- Exercise objective
Print every line below exactly. Skip the pictures.

- Dataset excerpt
———
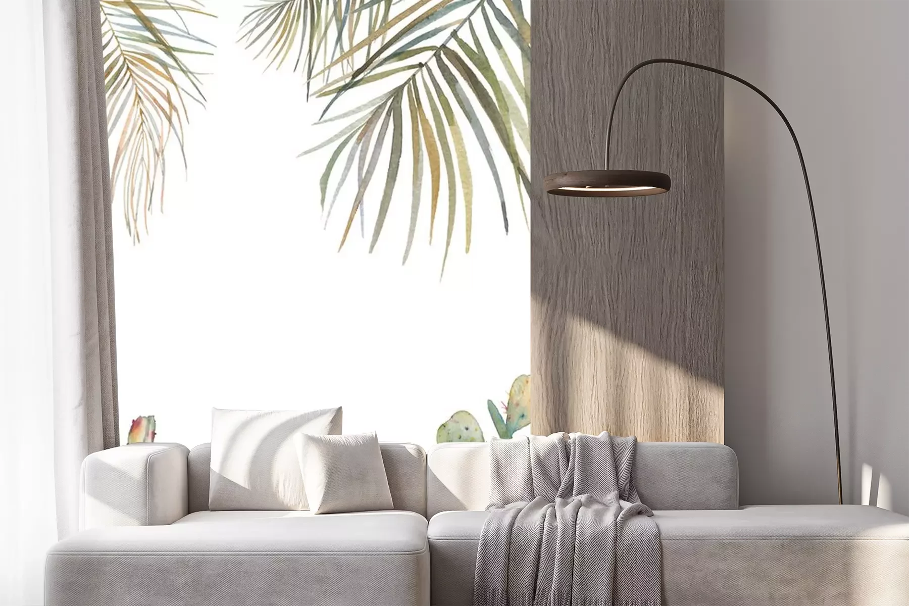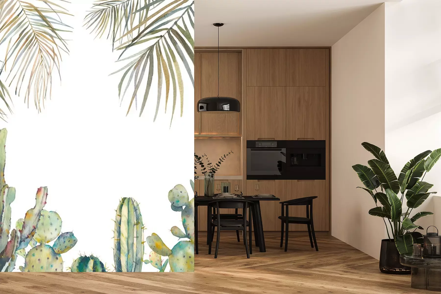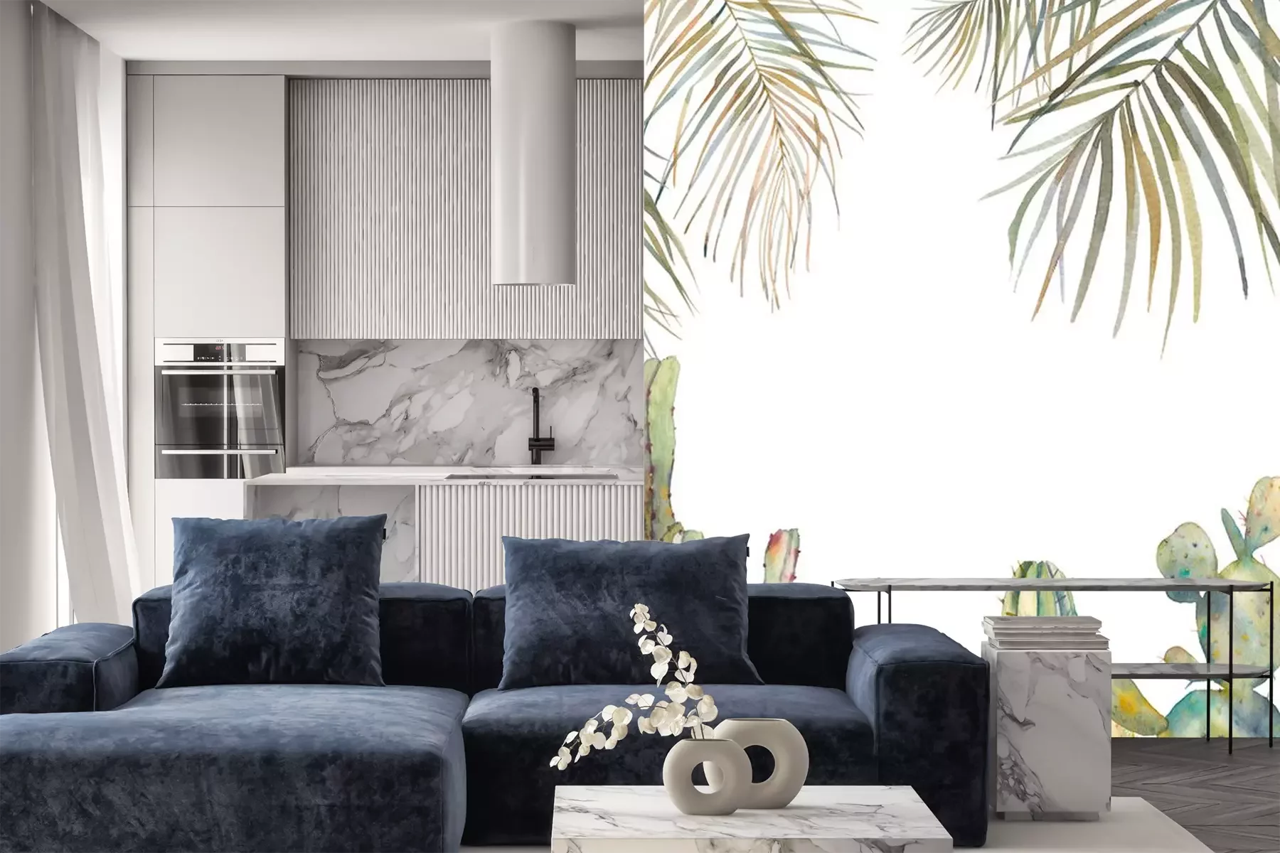 Fototapete Aquarell-Palmenblätter und Kakteen
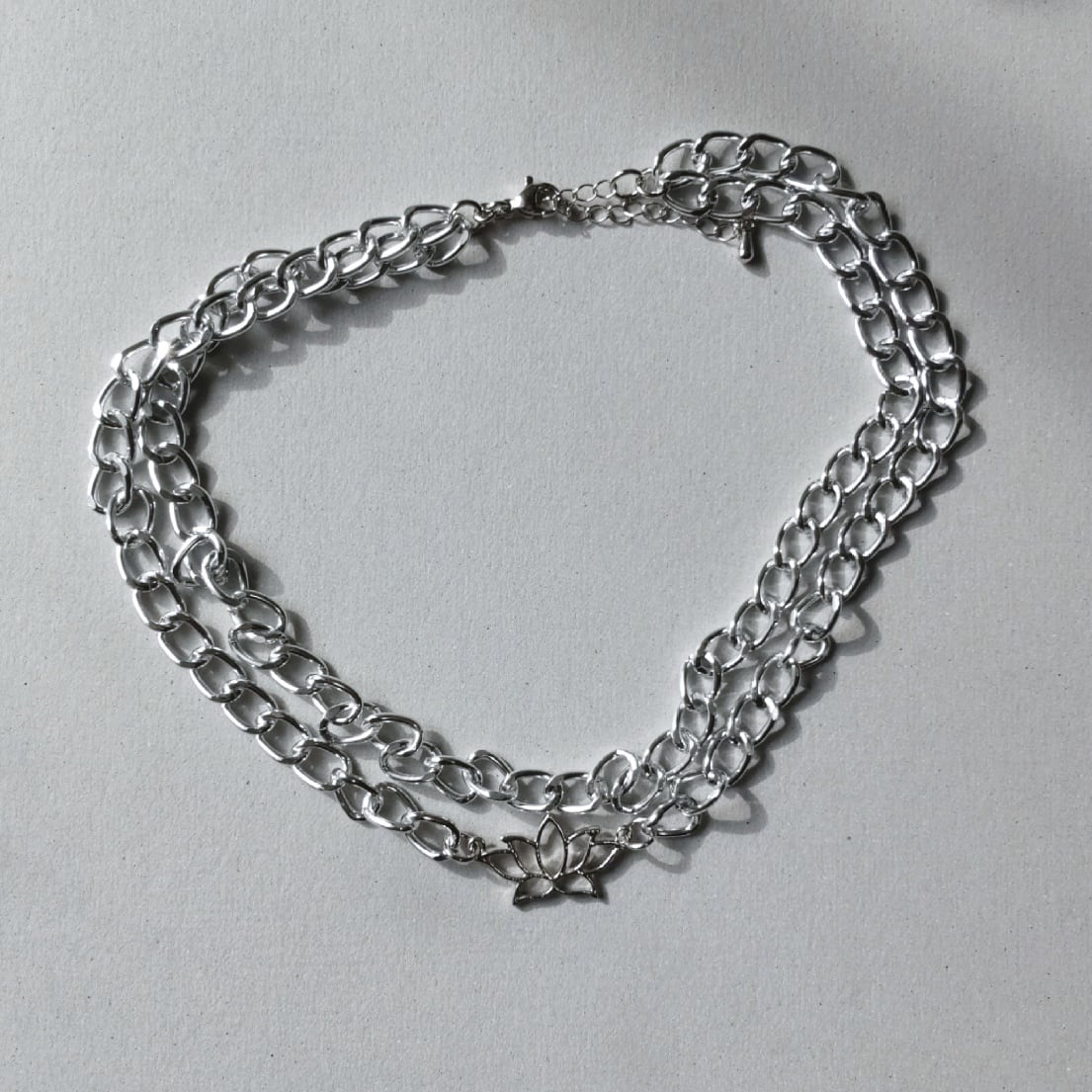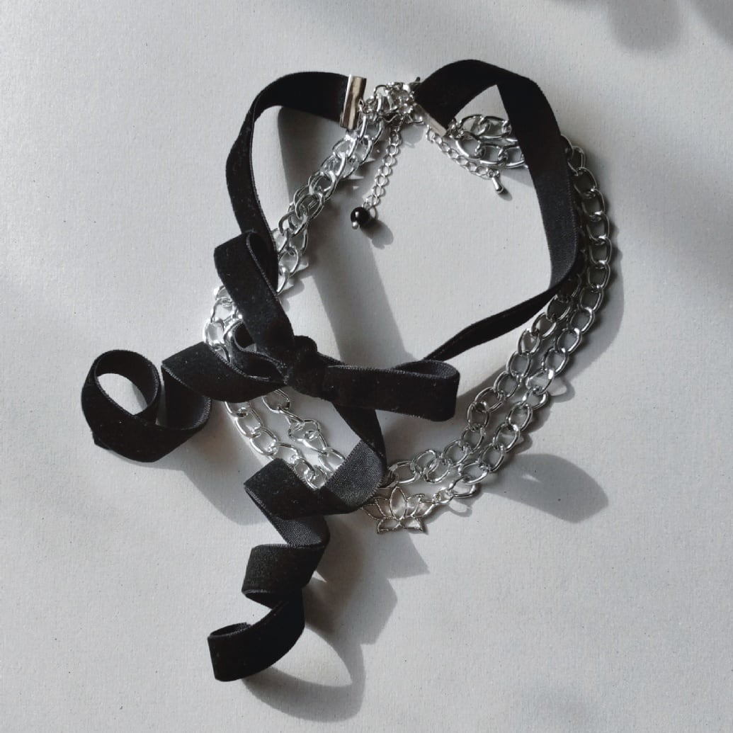くるくると垂れ下がりが可愛いリボンのついたブラックのベロアのチョーカーと、蓮のアクセントの2連チェーンネックレスがセットになっています。
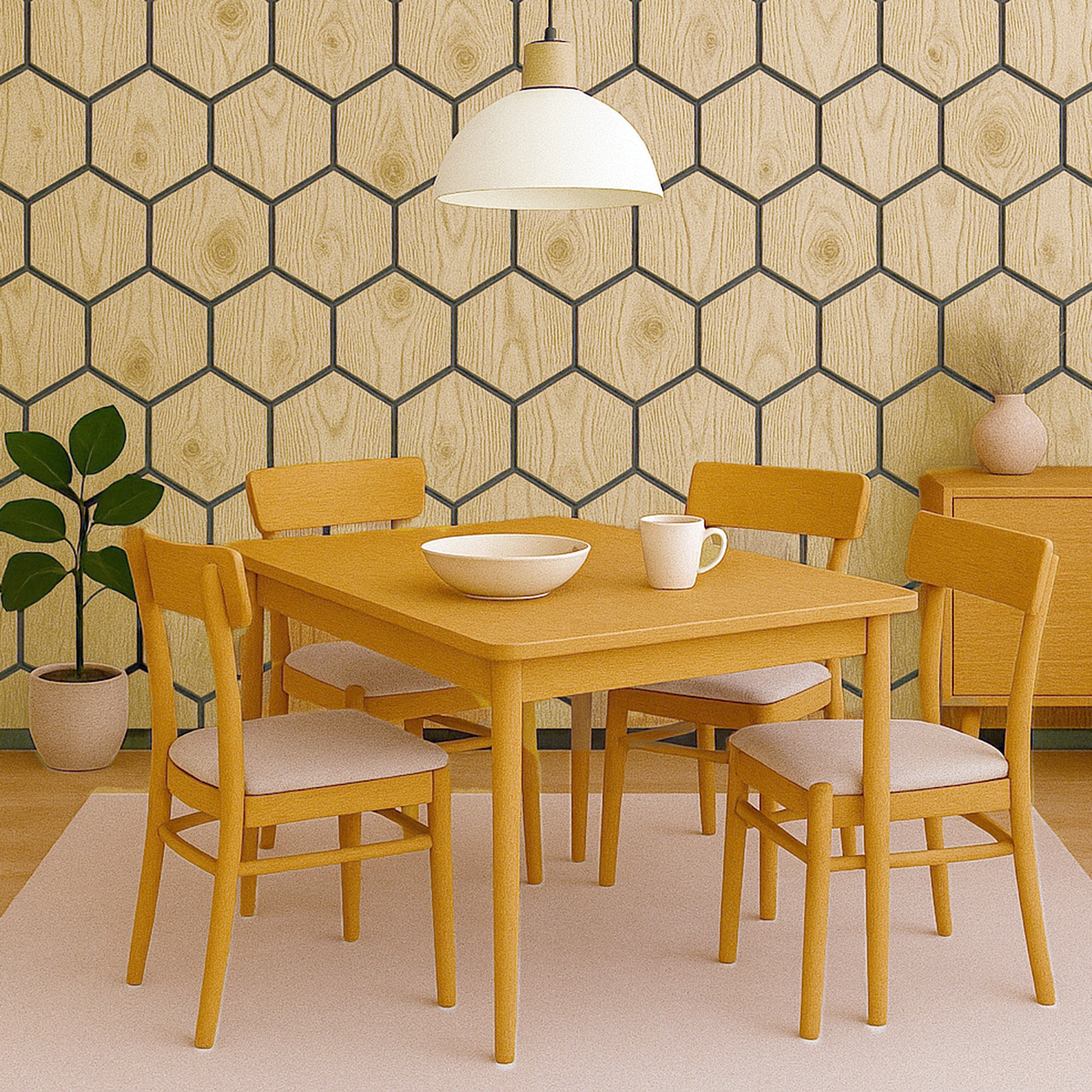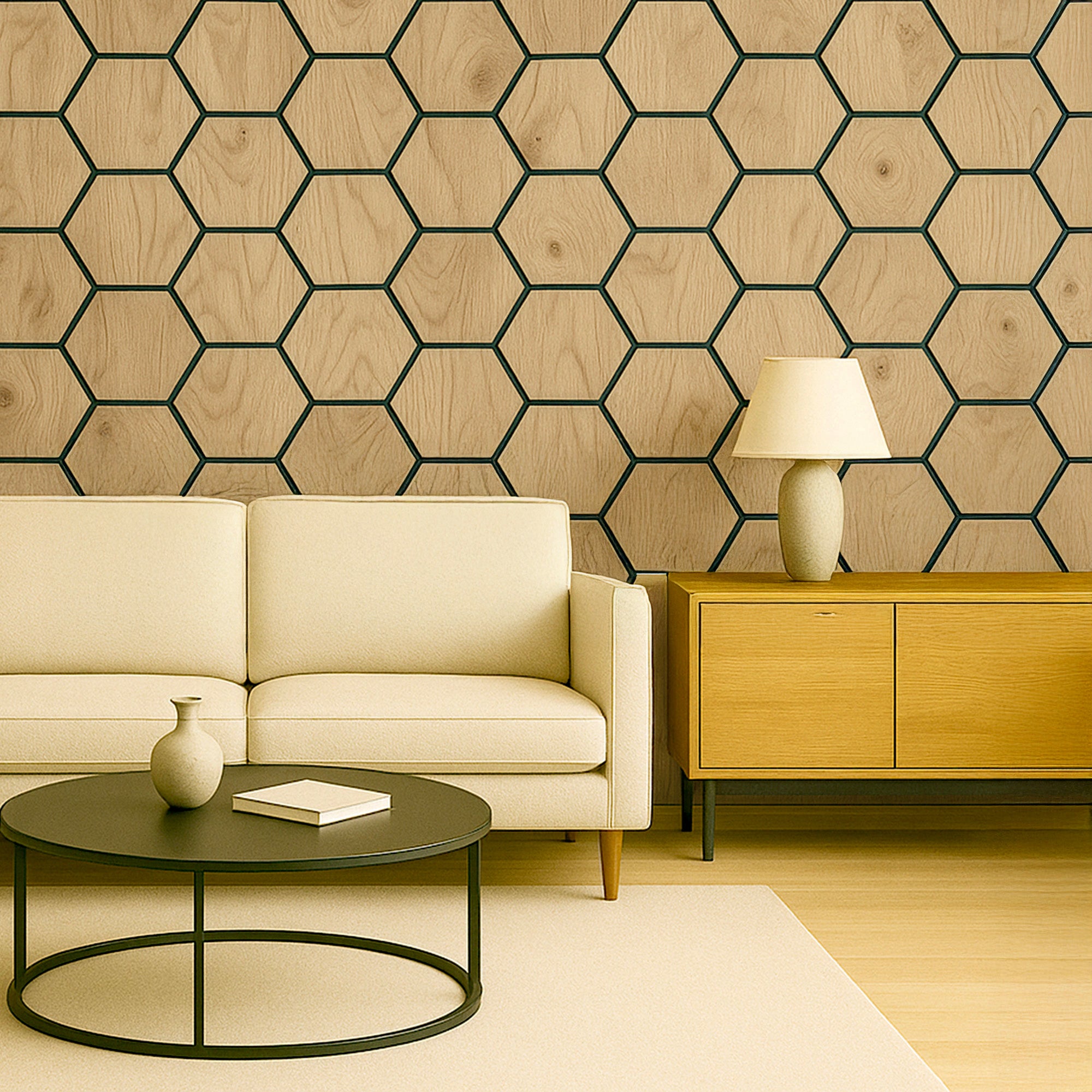 • 4 x Natural Oak Hexagon Acoustic Wall Panel (700×600mm felt base)
———
- Exercise output
 Fototapete Aquarell-Palmenblätter und Kakteen
くるくると垂れ下がりが可愛いリボンのついたブラックのベロアのチョーカーと、蓮のアクセントの2連チェーンネックレスがセットになっています。
 • 4 x Natural Oak Hexagon Acoustic Wall Panel (700×600mm felt base)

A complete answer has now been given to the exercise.